= THE RECORDS =
☆ ☆ ☆ ☆
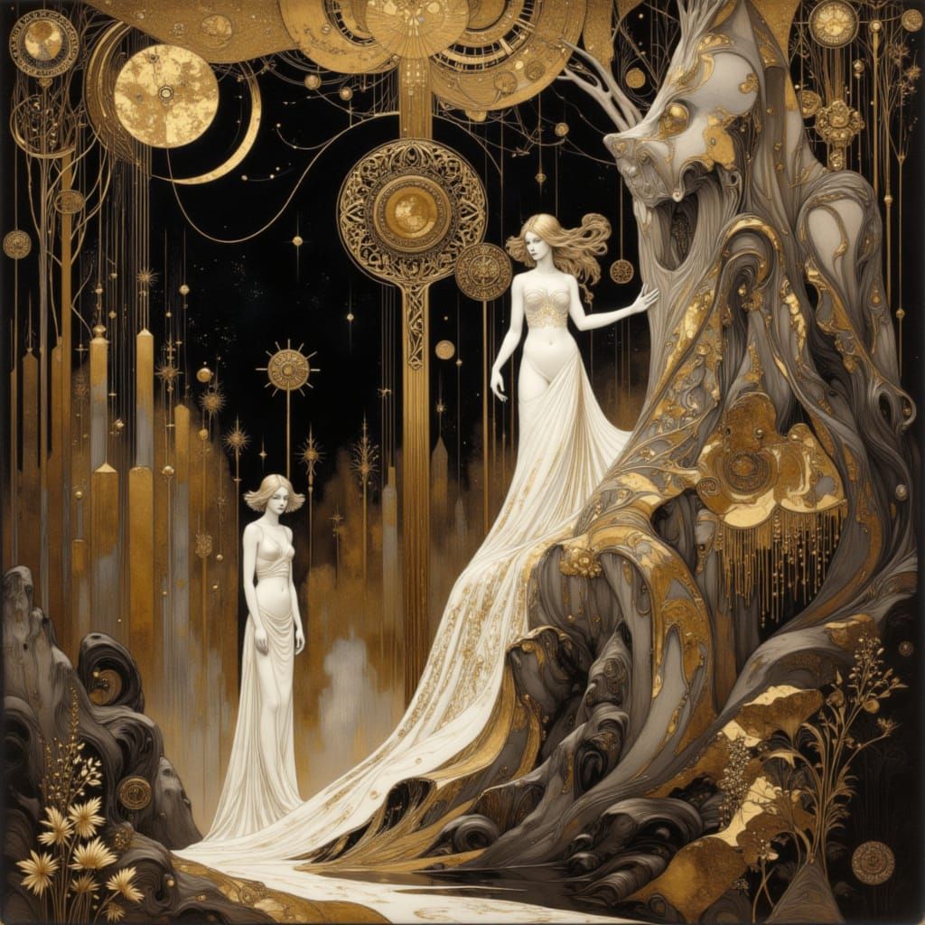 A dreamlike, surreal landscape in dark brown and iron white hues. Features ethereal figures with flowing forms, rendered with intricate detail and sensuous lines for a gothic, mystical atmosphere.
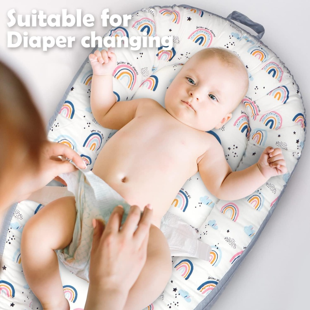 Give your newborn a safe, cozy, and supportive sleeping environment with this soft and breathable baby lounger nest. Designed with comfort, safety, and portability in mind, it’s perfect for co-sleeping, tummy time, or travel.
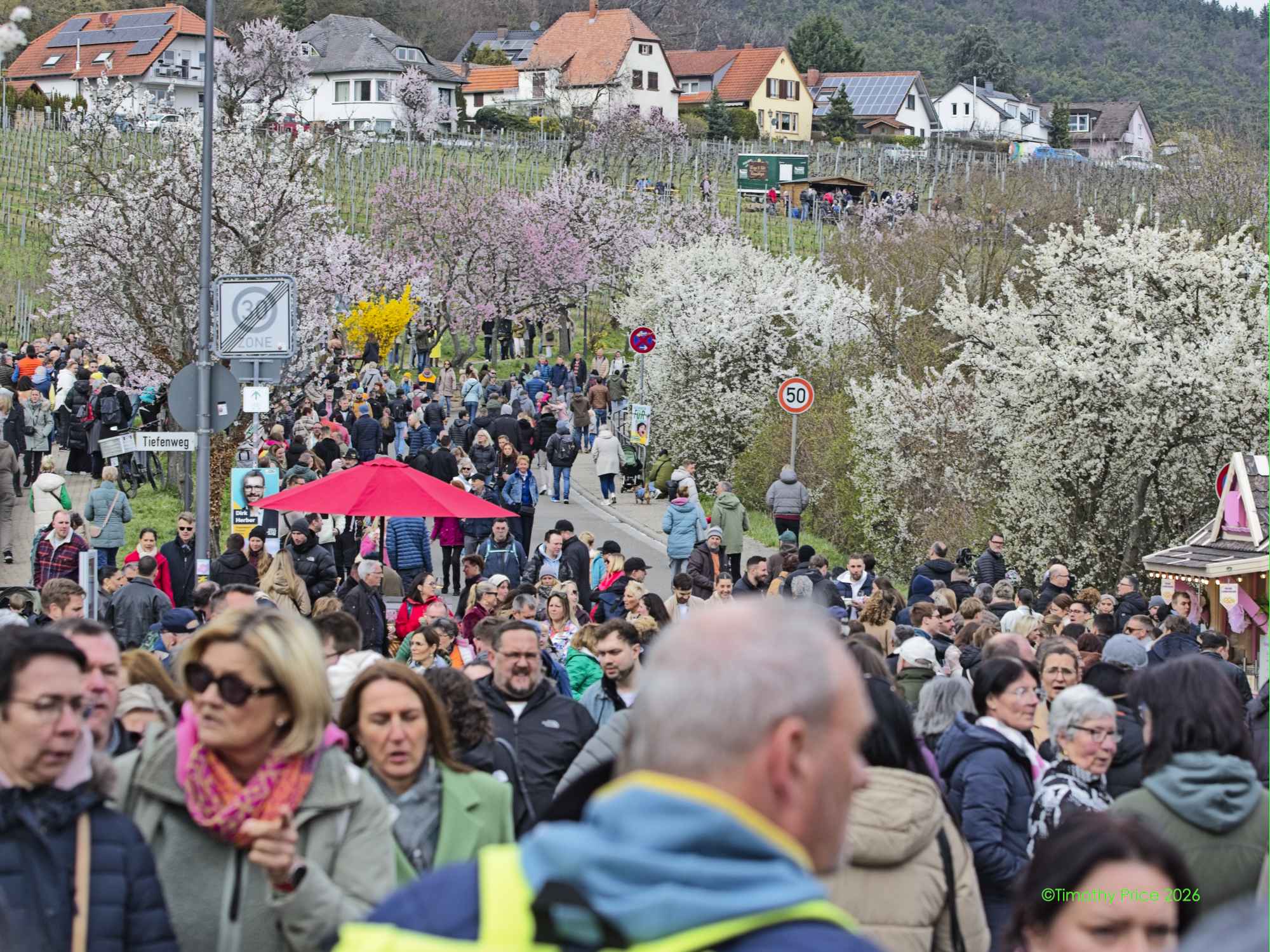 Despite Freyja blocking the way, we rode the train to the Gimmeldingen Mandelblütenfest (Almond Blossom Festival).
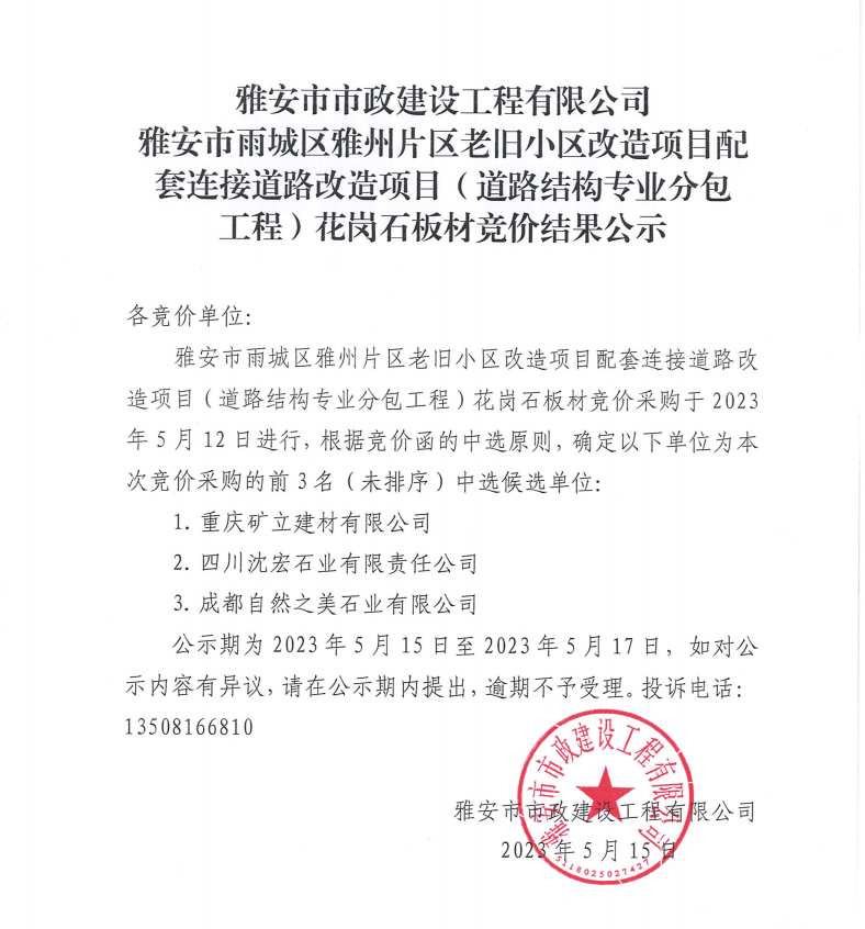 雅安市市政建設(shè)工程有限公司雅安市雨城區(qū)雅州片區(qū)老舊小區(qū)改造項目配套連接道路改造項目(道路結(jié)構(gòu)專業(yè)分包工程)花崗石板材競價結(jié)果公示
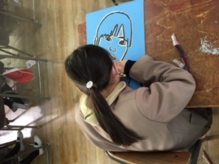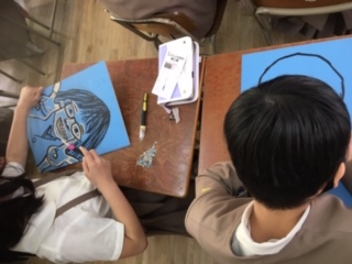 彫刻刀を使って、顔の細かな部分を彫り進めるところでした。彫り方の見本を視聴し、しっかりと確認してから、取り組みました。
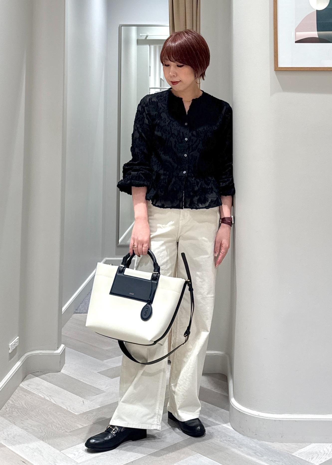 ROPÉペプラムジャガードブラウス/イージーケアブラック / F¥25,300レビュー身幅と袖にはゆとりがありますが、
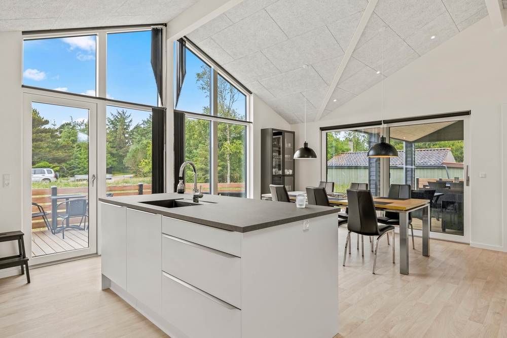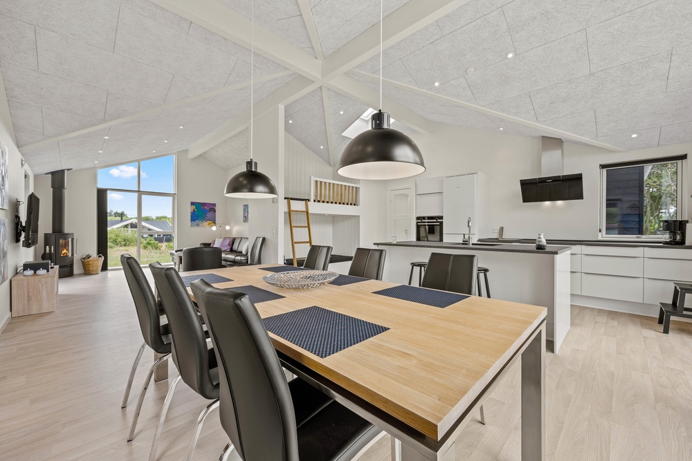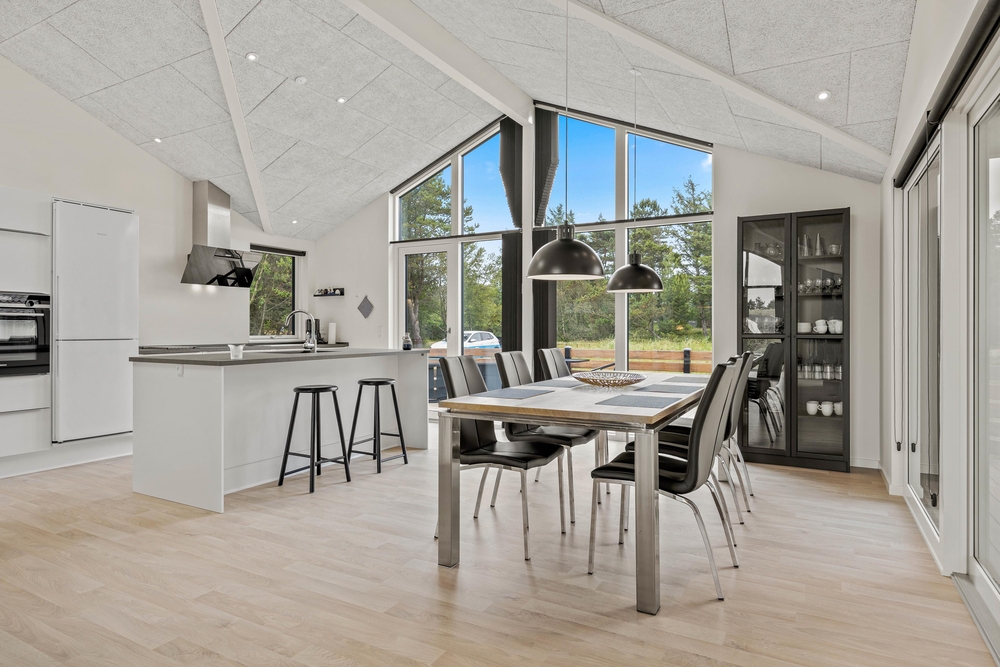 Sommerhusets på 130 m2 byder på råhygge for op til 6 gæster, som uden tvivl hurtigt vil kunne føle sig hjemme her. I sommerhuset er der kræset for detaljerne både hvad angår funktionalitet, afslapning og socialt samvær. Over det hele er der loft til kip og de store vinduespartier, som får rummene til at virke større, lyse og trækker naturen med helt ind i stuen.
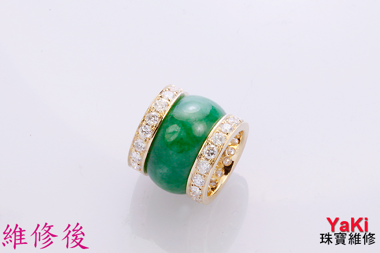 客人有一尊天然玉環要訂做墜子,因與YaKi珠寶師傅已熟識,經溝通後由師傅自己發揮創作製作簡約玉圈墜子。YAKI珠寶師傅經驗依客人所來玉圈形狀來打造墜型、弧度、鑲鑽、電鍍程序後;經YAKI珠寶師傅小心翼翼鑲崁就變成不一樣貼心玉圈墜子了。
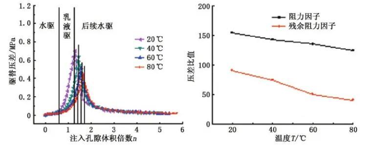 從圖9可以看出,隨著壓力的升高,阻力因子和殘余阻力因子均逐漸增強,說明形成的乳液性質大幅提高,之后隨壓力的升高增幅變小。這是由于隨著壓力的升高,CO2乳液界面黏彈性增加,乳液穩定性增強,乳液的強度及抗沖刷能力提高,且CO2密度也隨著壓力的升高而增大,因此乳液的表觀黏度增加較為明顯,從而提高了乳液的封堵能力。
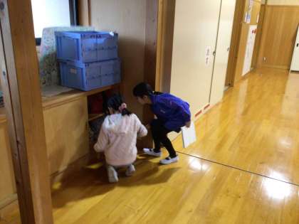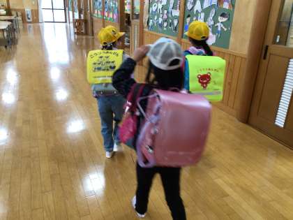 今日は避難訓練ということもあり、防災リュックを持ってきた子がいました。
☆ ☆ ☆ ☆
= TASK TO COMPLETE =
Return exactly, with no pictures, each line from the one that contains "彫刻刀を使って、顔の細かな部" through the end of the entries above, both ends included.

= TASK RESPONSE =
 彫刻刀を使って、顔の細かな部分を彫り進めるところでした。彫り方の見本を視聴し、しっかりと確認してから、取り組みました。
 ROPÉペプラムジャガードブラウス/イージーケアブラック / F¥25,300レビュー身幅と袖にはゆとりがありますが、
 Sommerhusets på 130 m2 byder på råhygge for op til 6 gæster, som uden tvivl hurtigt vil kunne føle sig hjemme her. I sommerhuset er der kræset for detaljerne både hvad angår funktionalitet, afslapning og socialt samvær. Over det hele er der loft til kip og de store vinduespartier, som får rummene til at virke større, lyse og trækker naturen med helt ind i stuen.
 客人有一尊天然玉環要訂做墜子,因與YaKi珠寶師傅已熟識,經溝通後由師傅自己發揮創作製作簡約玉圈墜子。YAKI珠寶師傅經驗依客人所來玉圈形狀來打造墜型、弧度、鑲鑽、電鍍程序後;經YAKI珠寶師傅小心翼翼鑲崁就變成不一樣貼心玉圈墜子了。
 從圖9可以看出,隨著壓力的升高,阻力因子和殘余阻力因子均逐漸增強,說明形成的乳液性質大幅提高,之后隨壓力的升高增幅變小。這是由于隨著壓力的升高,CO2乳液界面黏彈性增加,乳液穩定性增強,乳液的強度及抗沖刷能力提高,且CO2密度也隨著壓力的升高而增大,因此乳液的表觀黏度增加較為明顯,從而提高了乳液的封堵能力。
 今日は避難訓練ということもあり、防災リュックを持ってきた子がいました。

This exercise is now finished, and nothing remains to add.